Other local festivals, such as the Crab Fest, get free labor from Hancock County, which supplies inmates to clean and pick up trash.

Cornelius said asking the county for inmates was never discussed, nor did WCC seek volunteers to pick up the trash.

“We have never had inmates at any of the events,” he said.

He said the timing of the decision forced WCC’s hand, and it had “no choice” but to cancel the festival. In fact, he said, he had three people call him Monday evening and offer to pay for the services needed, but it was already “too late.”

He said it is “very disappointing” that the city did not want to take a more active role in the festival, especially since the festival benefits Waveland.

“We don’t have our name on the festival,” he said. “It’s the Waveland Oyster Fest, not the Waveland Community Coalition Oyster Fest. We wanted the city to be a partner in this. We do it for the city.”

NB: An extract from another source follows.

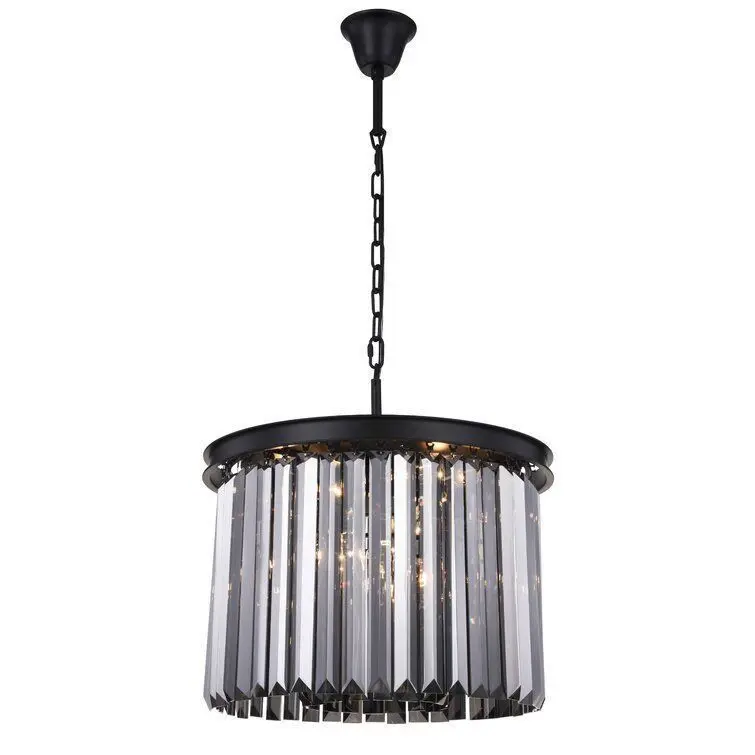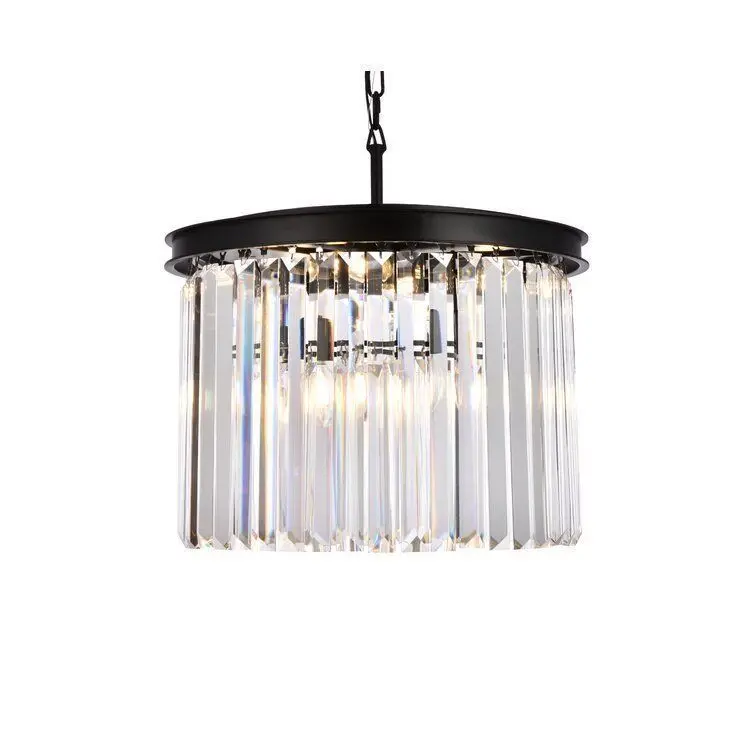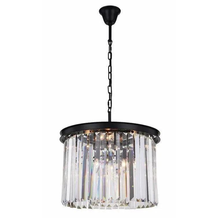 - This 6-light tiered chandelier has a curtain of hanging crystal pillars that make a statement in your space. The shade is made from metal and genuine crystal hung in a drum shade silhouette. The modern metal ring canopy and frame feature a height-adjustable chain you can customize for the size of your space. We love that the row of glass crystals reflects and refracts the downlight.

Waveland’s financial problems of late have been well-documented. Earlier this year, the city implemented the former administration’s budget and laid-off more than a dozen employees. Waveland is also facing 10 federal lawsuits, and other legal challenges.

Cornelius said the city would have gotten much more in return than the $1,500 or so it was asked to provide for the festival.

“I understand everyone’s financial situation,” Cornelius said. “These festivals draw people to the city.”

Garcia said he does not understand why the festival had to be canceled over such a small amount of money.

“I don’t know how two men’s pay for one day is going to make you cancel the festival,” he said. “They (WCC) are a private organization, and we don’t get into telling them how to operate.”

Cornelius said this year’s cancellation will not hinder Wave Fest scheduled for this summer, and he hopes to have Oyster Fest return next year.

He said the WCC stands to lose $2,000-$3,000 on the event, since posters were already created and deposits already paid to the scheduled bands.

“I hope that this encourages a better understanding of how festivals have to be processed, planned and organized,” Cornelius said. “Like any other business, you lose money every time there’s a delay.”